Quando penso em porque alguém escolhe filosofar e, pior que isso, escolhe a filosofia como meio de vida, tal como eu, tem claro o futuro que lhe aguarda, uma vez que sabe que vai ter que pensar sem cessar e, no dito meio de vida, ensinar o que não se ensina, ou seja, filosofar e não filosofia. Devaneio? Aí é um paradoxo, já que a filosofia, no entendimento do senso comum, trabalha com a razão, mas o devaneio é a escolha por tal labuta, o filosofar exige de nós uma disposição para a reflexão e a construção de um pensamento que nem todos tem, não é para qualquer um! Uma consciência torturada? Diria outro alguém que desdenha das questões da vida. Bem, talvez ... vai saber, né?! No meu caso eu fui um jovem de certo modo torturado pelas questões da vida e com o tempo isso ganha em disciplina e complexidade, mas deixa de ser tortura e vira indagação seletiva, nem tudo se pergunta, é o que descobrimos com o passar do tempo e com as leituras, como também nem tudo se responde, é a outra obviedade como efeito colateral do questionar.
E me vem à cabeça de porque fiz esta escolha que eu diria ser, sem falsa modéstia, de corajosa. Talvez, na juventude, façamos escolhas inconscientes totalmente conscientes. Ora, novo paradoxo? Sim, é claro! Trabalhamos com paradoxos a vida inteira, e não adianta o filósofo vir com o princípio de não-contradição, uma das estruturas da chamada razão ou raciocínio, é que é uma loucura alguém filosofar em tempos tão bicudos e medíocres, é um fato.
Certa vez eu me indaguei se fiz o certo, ou se deveria ter virado homem de negócios e deixar essas questões existenciais de lado, mas havia uma força maior e inexorável que sempre me conduzia para a filosofia e para a busca de alguma verdade ou sentido na vida. Por que? Para quê? Tenho que responder, mas sabendo que é em vão, tudo na vida quando se quer arriscar pode ser em vão, pois a filosofia é em vão em razão de suas respostas mas não em razão de suas perguntas, eis, eureka! Pois então a pergunta é mais importante para o filósofo do que a resposta, pois toda resposta denota certo sinal de arrogância intelectual ou pretensão descabida e irrefletida, já que uma vez sabendo da resposta a questão cessa e torna-se necessária nova ocupação, fato.
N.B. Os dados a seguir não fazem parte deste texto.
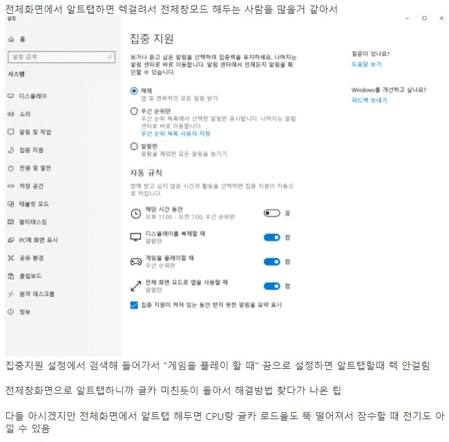 전체화면 모드에서 알트탭 렉 해결 방법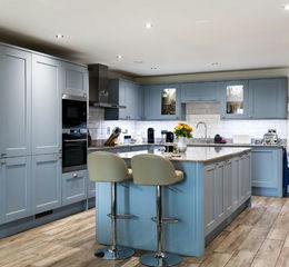 A bespoke modern blue coloured 'Shaker' style kitchen fitted with a range of wall and base level units incorporating drawers and cupboards with a granite worksurface with matching upstand. Inset bowl and a half sink unit with chrome mixer tap and granite routed drainer. A number of integrated appliances include AEG five ring induction hob with AEG chrome chimney style extractor above, AEF oven and grill with matching AEG microwave oven, built in fridge and freezer and dishwasher. A large double opening larder cupboard. A larger than average island unit with granite worksurface with built-in pull-out drawers and cupboards and two wine racks.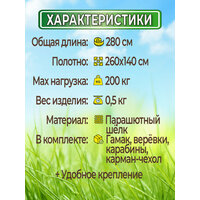 Размер полотна: 260х140 см Общая длина: 280 см Вес изделия: 0,5 кг Макс. нагрузка: 200 кг Тип: Двухместный Габариты в упаковке: 18x13x10 см Материал: Парашютный шёлк, карабины - сталь Комплектность: Гамак, карман-чехол, 2 верёвки по 2 м + удобное крепление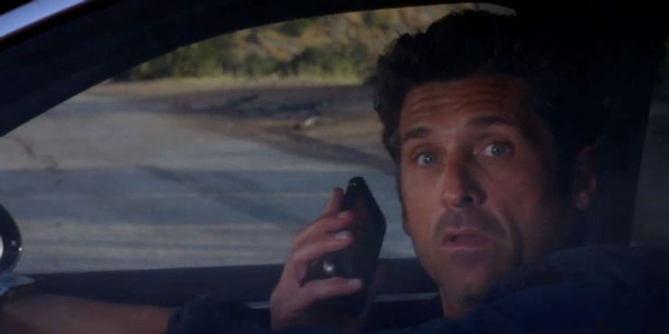 Anteriormente en el episodio menciona que no tiene servicio y que su teléfono no funciona. Sin embargo, todavía puede recibir llamadas. Además, Derek elige detenerse con el automóvil estirado horizontalmente sobre dos carriles. Es un poco desconcertante que Derek, un muy popular Anatomía de Grey personaje, obtiene una recepción mágica, responde una llamada con un automóvil en una posición extraña e ilegal y muere.
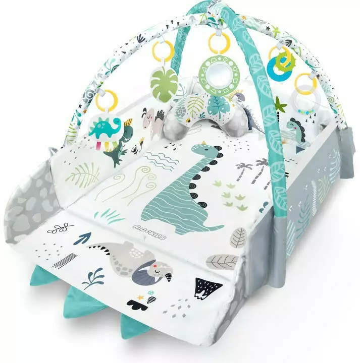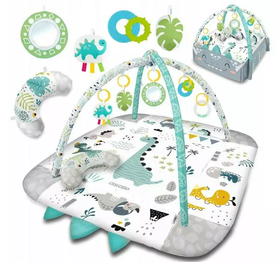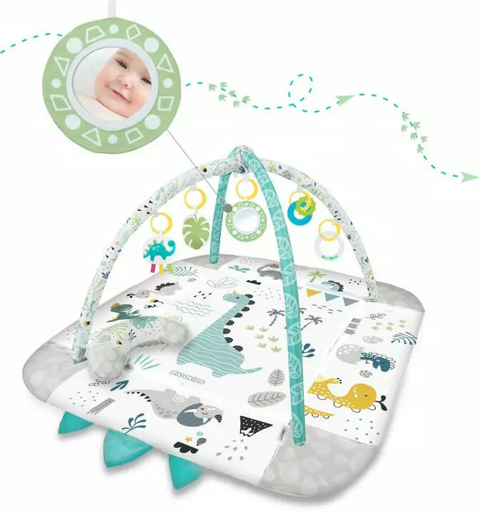 Тому ми додали в килимок багатофункціональні іграшки, які можна вішати на ручки - брязкання або шурхіт привертають увагу і цікавість дитини. Також є скрипуча іграшка - динозавр із стрічками, які стимулюють дотик!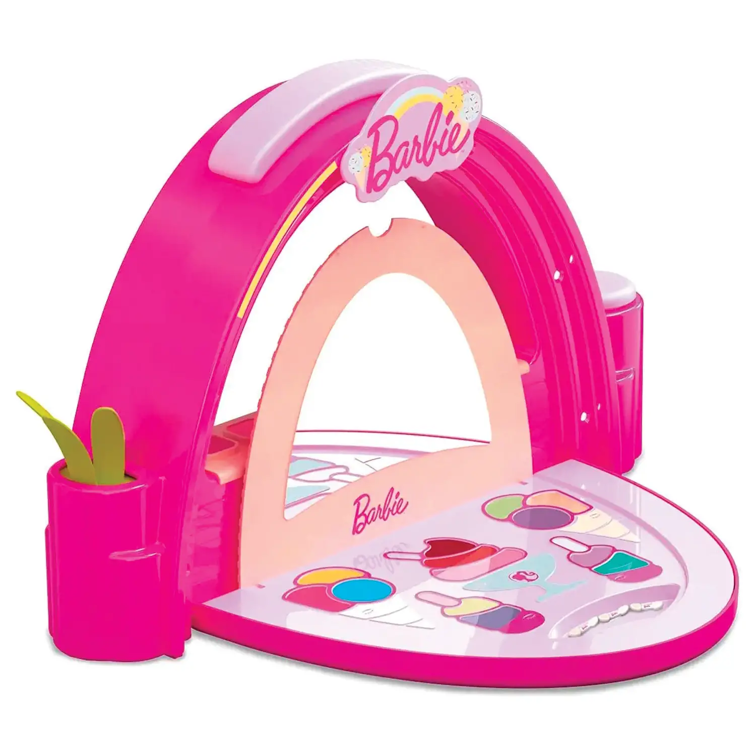 Questo fantastico kit per il trucco di Barbie include 8 lucidalabbra, 4 ombretti compatti, 12 ombretti compatti, applicatori, 5 lime per unghie, specchio e luci a LEDMake-up / Gelateria Barbie Dual-purpose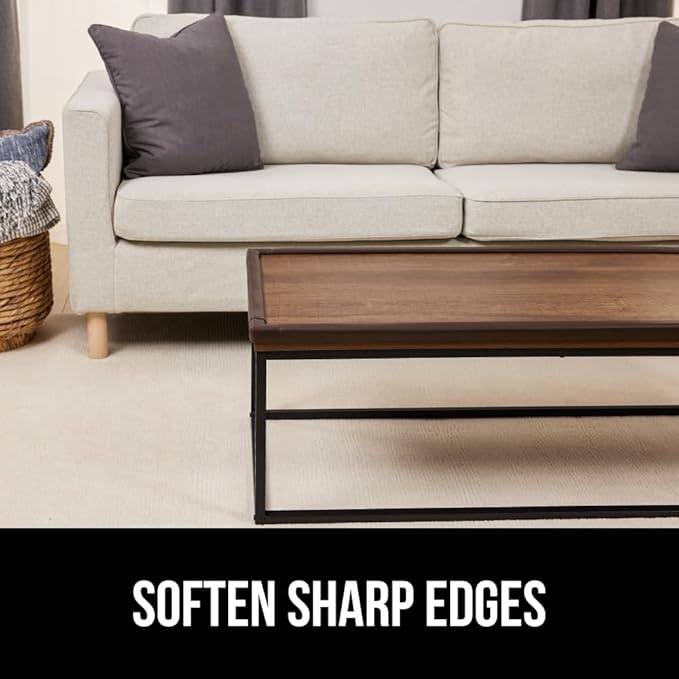 GORILLA GRIP Baby Proof Corners and Edges for Furniture, Kid Proofing Adhesive Table Corner Protectors, Heavy Duty Soft Rubber Foam Protection, Includes 8 Protective Safety Guards, 18 Feet, Brown
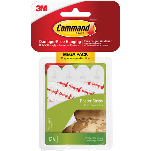 Command Poster Strips Mega Pack makes decorating quick and easy. They’re perfect for hanging schedules, posters, calendars and pictures without frames, or as an alternative to double-sided tape. They stick to wood, tile, metal and painted surfaces yet they also come off, leaving behind no holes, marks, sticky residue or stains.

Mas a verdadeira ocupação do filósofo é a pergunta e, mais do que isso, a qualidade da pergunta, ou seja, temos que aprender a perguntar para filosofar de fato, senão seremos presas fáceis da falácia e do sofisma, seremos manipulados pela ilusão ardilosa de um raciocínio intempestivo, é preciso então refletir calmamente, a pressa não é própria do filosofar, é preciso ruminar antes de falar, só se fala do que se tem a devida medida, e do que não se pode falar simplesmente calamos, essa é a medida que diferencia os que estudaram dos cabeças de bagre.
Mas, volta a pergunta fundamental, para quê isso tudo? Para quê uma história tão vasta e milenar se até hoje não temos nenhuma conclusão de nada! Ora, às favas com a filosofia! (Diria agora um incauto ... ) Ora, porque perder meu tempo com perguntas fundamentais se não há resposta fundamental. Qual a razão disso? Qual é o mérito da filosofia e do filosofar? Ora, não temos que sobreviver, trabalhar? O tempo acabou! O tempo acabou! Não temos tempo para pensar, quanto mais filosofar! (Mais uma vez, aqui temos o argumento cético do incauto insistente, é a ignorância presa da falácia e do sofisma da qual eu avisei logo acima, todo cuidado é pouco ...) Mas, e então filósofo? Me responda, para quê filosofia? ....
Tal pergunta é da mesma natureza de outra pergunta fundamental que é a seguinte:
Para quê a vida?
Então temos aí o cerne do problema, pois perguntando pela filosofia estamos também e ao mesmo tempo perguntando pela vida, já que, num entendimento que eu chamaria de filosofia honesta e não formal, a pergunta pela filosofia desemboca na pergunta pela vida, aí reunimos duas perguntas da mesma natureza que podem se fundir e recriar a questão numa indagação pelo sentido das coisas, coisas? Objetos? Não, é sentido lato e não o estrito, a filosofia, ao contrário de saber acadêmico estrito, sempre pergunta em sentido lato, já que a pergunta pela vida também está e se dá em sentido lato, para “responder”, enfim, precisamos viver bastante e nada de resposta peremptória sobre o porquê ou o para quê, mas uma resposta numa pergunta, uma resposta que pergunta e se instaura no que é importante, porque o mundo? Para quê o mundo? E respondemos: para ensinar o homem a viver, pois é melhor existir do que o nada, que é o impensável.